I suspect Cora will end up with Lucky, Cassian losing his life to help save the humans. But it could go the other way... So what do you think, readers? Which way will the author conclude the love triangle in the as yet unpublished third book?

[Poll #2055195]

Unfortunately, as I won't be reading the third book, I'll likely never know for sure.
thistlechaser: (Cat with book: Toy)
2016-10-01 07:59 am

Book #47 of 2016: Shadows of a Superhero

Shadows of a Superhero by Christopher D Schmitz
Rating: Okay (Hated-Disliked-Okay-Liked-Loved)



Wow. My first Smashwords book that didn't suck! I've read so many books from there, and none of them rose above 'awful'. While Shadows of a Superhero wasn't great, it wasn't bad either, which makes it a winner!

It felt like it was a story set within some book series, but I guess it's just generic superhero-y enough to make it seem that way. It was surprisingly well edited for a self-published book, with only a small handful of errors, and most of them minor. The biggest one was a sentence with a missing word.

The plot was about a collection of sidekicks. Their hero was hurt badly and knocked out of commission, so they had to take over and try to fight the big bad guy themselves. A fun idea! The biggest downside for me was probably intentional though -- it was just so generically superheroish, I felt like I had seen these characters dozens of times before. The sidekicks were one big, strong, perfect fighter, highly skilled guy, one fellow in a wheelchair (the techie, of course), and a super-speed woman.

I'm afraid I lost interest in the story near the end and skimmed the last few pages. The characters never hooked me (see also: The whole generic superhero roles thing), and so it was hard to care about the whole thing.

Though Shadows of a Superhero didn't work for me, it might work well for someone else.
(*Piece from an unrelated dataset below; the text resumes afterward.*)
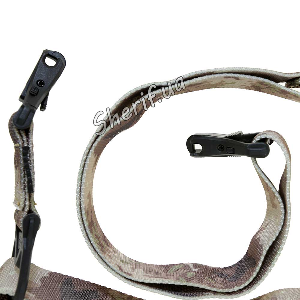 The belt manufacturing material is a nylon strip, quite soft and wide. Fittings are combined, sliding carabiners and a central ring made of impact-resistant ABS plastic, carabiners for suspension consist of twoParts - base made of ABS plastic and latch made of metal. There is a fixation of the latch of the carbine from accidental opening, on the side of the carbine there is a button that locks the latch in the closed position, which guarantees the impossibility of accidentally opening the carbine and protects the weapon from falling.

It wasn't perfect, but it did rise above its origins story.

Reading next: The Hunt, the second book in the The Caged series that I started before this one.
thistlechaser: (Book with cat: space2)
2016-09-30 08:44 am

Book #46 of 2016: The Cage

The Cage by Megan Shepherd
Rating: Liked (Hated-Disliked-Okay-Liked-Loved)
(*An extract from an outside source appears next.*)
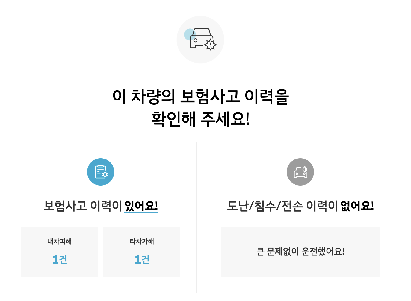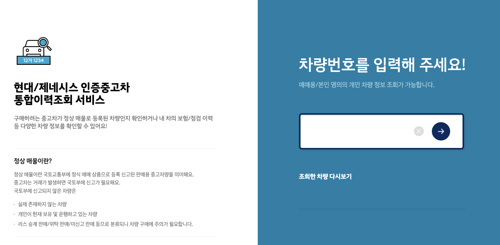 현대 인증 중고차에서는 헤이딜러나 다른 중고차 플랫폼과 비슷하게 중고차의 통합 이력을 검색해 볼 수 있습니다. 보이는 정보는 다른 사이트와 큰 차이는 없지만 UI가 깔끔해서 직관적이고 다른 광고 없이 필요한 정보만 볼 수 있다는 것은 큰 장점입니다.

I should have hated this book. It did all the worst things a YA book could do... and yet the author pulled it off. Not only did I not hate it, I actually enjoyed almost all of it.

At first, I had a serious case of deja vu. I was certain I had read this book before, but it turned out it was just one with a similar plot. Back in 2013, I read and reviewed a god awful book called The Zoo. Review 1: The worst book in the history of bad books and Review 2: I deserve a reward or punishment for finishing this book.... In both The Zoo and The Cage, aliens steal teenagers from earth, put them into a human zoo, and told them they have a month or less to get pregnant.

In addition to the near-fatal flaw of being like The Zoo, The Cage had a number of other issues. A love triangle. A seriously annoying female main character.

However, other than the main character being annoying, the author made everything work. Aliens stealing teenagers from Earth? She made it make perfect sense. Aliens wanting the teenagers to get pregnant? Ugh, but yes, she made it make sense. The love triangle? She not only made it make sense, but I liked it! That never happens. Plus the book had a great twist. And I LOVED the aliens!

With rare exception, the characters were realistic and believable. The exception to that was a change I suspect was made since this was a YA book. In some third world country, a beautiful girl was hired by a "modeling agency" to move to some other country and become a model. In the real world, that would have lead to sexual slavery, but in the book, the girl actually was a model. Starved and beaten and abused, but no mention of sex at all, just photo shoots.

While the second book in this series is already out, I don't think I'm going to pick it up. Usually I would, since I enjoyed the first one, but I feel like I'm playing with fire -- nothing in this story should have worked, and so I'm worried the second book would lose whatever made this "shouldn't work" situation work... which is silly. It's the author who made this work, and I should trust her through a second book... and I am curious as to where the story will go, so... sigh. Maybe I'll pick it up.

Edit: Oh wow, the summary of the second book sounds really good! Okay, getting it for sure.